Written by Plant With Purpose on August 31, 2011 in General

by Aly Lewis

 “Aly, get up! We need to move next door!” my cousin yelled to me in the 5 a.m. darkness of the storm. In mere minutes I was on my way to higher ground, sludging through thigh-high water in pj pants, socks, and my cute new flats while carrying my laptop and everything I could scramble into my backpack lit by the dim glow of my cell phone.

I spent the last week on “vacation” visiting relatives near the Outer Banks of North Carolina. If you’re thinking “Outer banks, that sounds familiar. Where have I heard that recently?” That’s right, the Outer Banks was where Hurricane Irene made landfall early, early Saturday morning.
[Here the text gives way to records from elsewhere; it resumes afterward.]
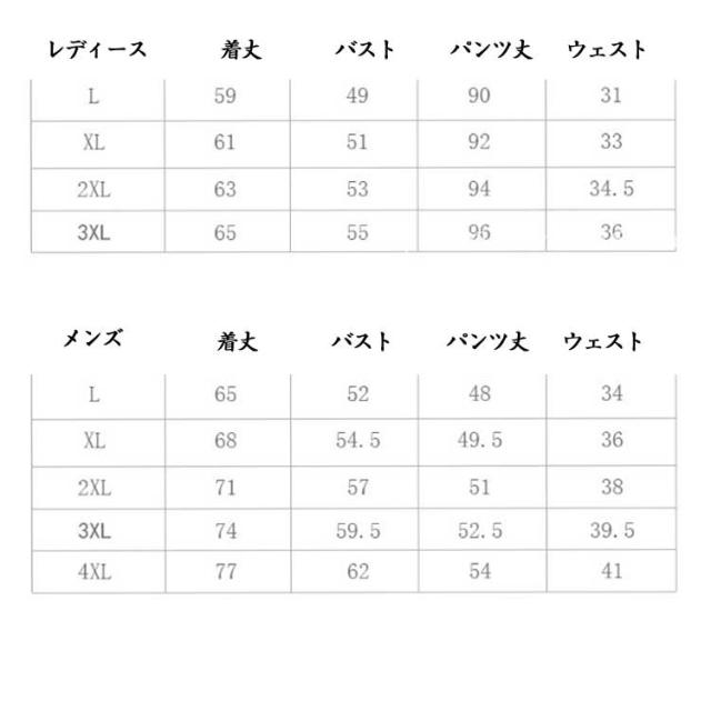 | サイズについての説明 | サイズ表は画像をご参照ください *レディース用の4XLサイズはありません。 |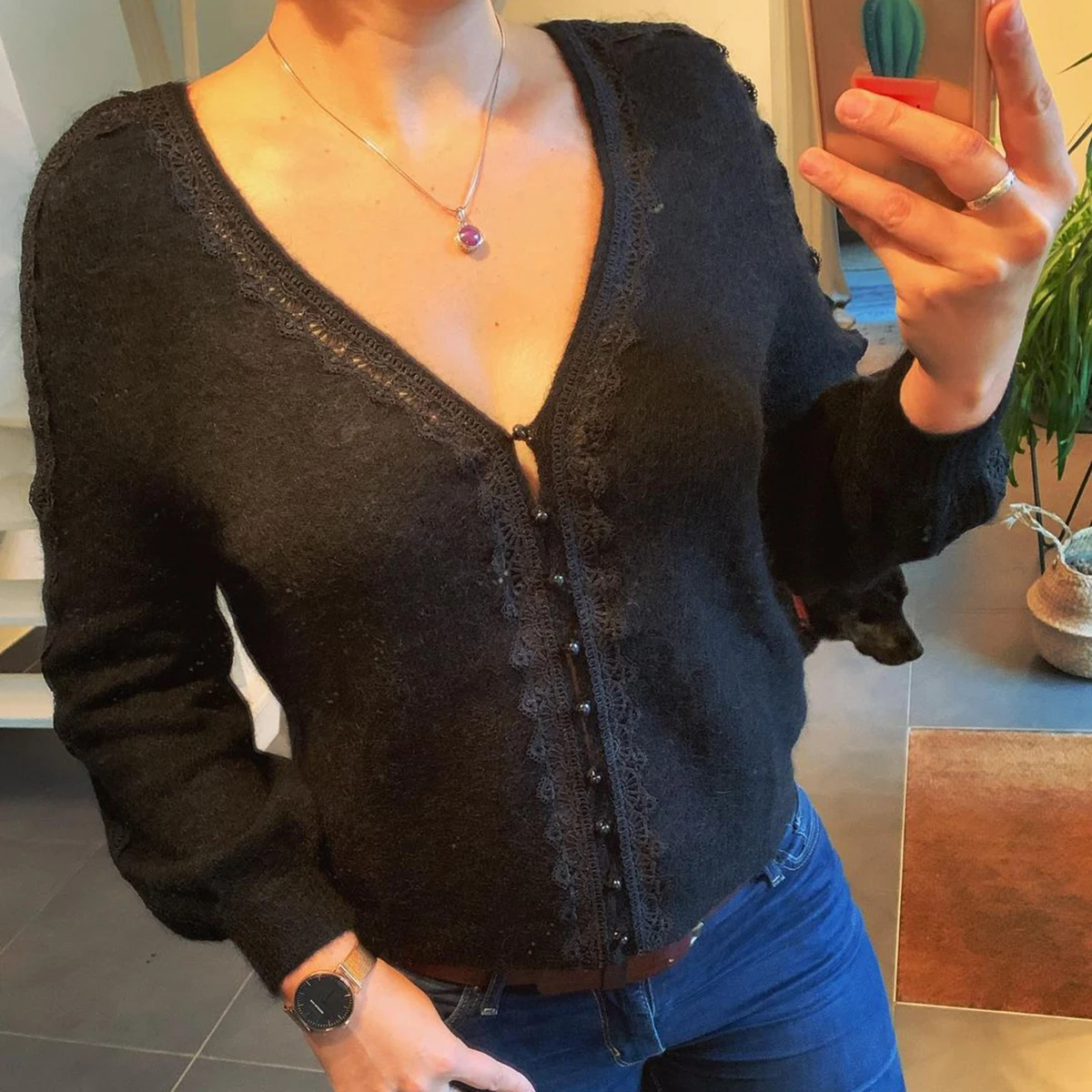 Женский винтажный кардиган с кружевными вставками, теплый повседневный джемпер с пышными рукавами и V-образным вырезом, Осень-зима 2021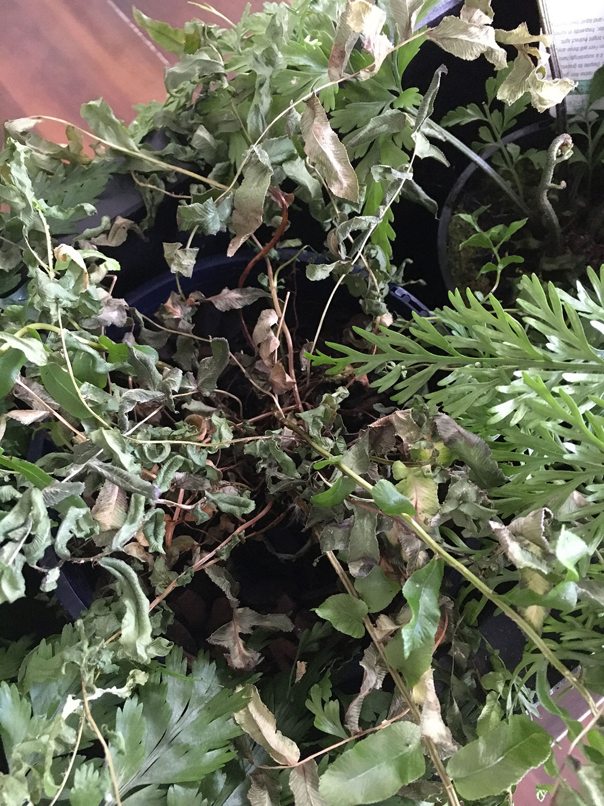 Hi, we are newbie garden people and check these plants every morning. If the soil is moist we leave then, if it is dry, we give them water. We have bought many kinds from the garden stores but as you can see they are all dying. We don't know if we are under or over watering or what is going on. The room gets a lot of light and we have even been giving them plant food. They all end up looking like the attached and dying. Could misting them help?

After a day of boarding up houses, taking down porch swings, relocating porch plants to a card table in the living room, and driving cars and trucks to higher ground, you would have thought I’d sleep like a baby. But as the wind howled outside my window and the power flickered the air conditioning on and off, I couldn’t sleep. In my near dreaming delirium, I half expected waves of floodwater to crash through my windows at any moment. When I finally slept, it was short lived.

Although I had been excited for the adventure, I have to admit I was pretty scared when I took that first dark step into the front yard water, debris and downed tree limbs floating by, the propane tank bobbing in the waves. Once I reached the safe (and higher) haven of my relative’s home next door, there was nothing much left for me to do but dry off and wait.

Wait and hope and pray that the tidewaters would stop their threatening surge. That the howling wind and the waves crashing on the doorstep (ocean waves on the doorstep?!) would recede. That the salty water wouldn’t seep into my cousin’s home, destroying floors and carpets, refrigerators and valuables. 

The hurricane was terrifying enough in a house built up a few feet for storms like this. I was in a sturdy home. We had generators to supply us with power in the days that followed. We had water for drinking and bathing. We had family members who could take us in.

And that was terrifying enough for me. I can’t imagine living in a small shack, tent, or dirt home like in the Dominican Republic or Haiti. With no power, no water, no protection.

Now back at Plant With Purpose, I am thankful to report that, despite winds and flooding, the loss of life in the Dominican Republic as a result of Hurricane Irene has been minimal. Plant With Purpose was able to reach the affected communities and noted that “the farmers’ resolve is unwavering. Despite loss of animals and damage to farms, they are rebuilding their lives.  Communities are mobilizing and taking care of those in need.”

The following is an update from the field on the damages sustained by the communities with whom we work.


San Cristobal

This province, where Plant With Purpose works with a few communities, suffered the most damage as intense rains caused rivers to overflow.


El Aguacero
500 cocoa seedlings and 3,000 seeds in the community tree nursery were
damaged by the rains. Community members also lost 4 cows, 2 pigs, 2 horses
and 1 mule, which are major losses to them.  There is a savings group in the
community as well as Bible Study groups, which are providing support to the
victims.

La Joya
Strong winds damaged the electric grid in the community and hasn’t been
repaired yet. Farmers lost 4 hectares of cocoa, which is their primary
source of income.  The flooding swept away avocado trees and 2 hectares of
rice were also damaged.

Loma Verde
Community members lost 3 cows and 3 hectares of cocoa swept away by the
risen waters.  This community has two savings groups and many Bible Study
groups and the local church is mobilizing to start a literacy program using
the Church, Community, and Change methodology with Plant With Purpose.

Maizal
6 km. of roads were damaged and 4 hectares of cocoa were damaged by the
intense rains, which caused serious mudslides.

Hormigo
4 cows and 1 horse and cocoa plants were swept away by the river.

Thank you again for your prayers and support of our partners in both the Dominican Republic and Haiti. And thank you for the Plant With Purpose staff’s faithful prayers for me and my family in North Carolina!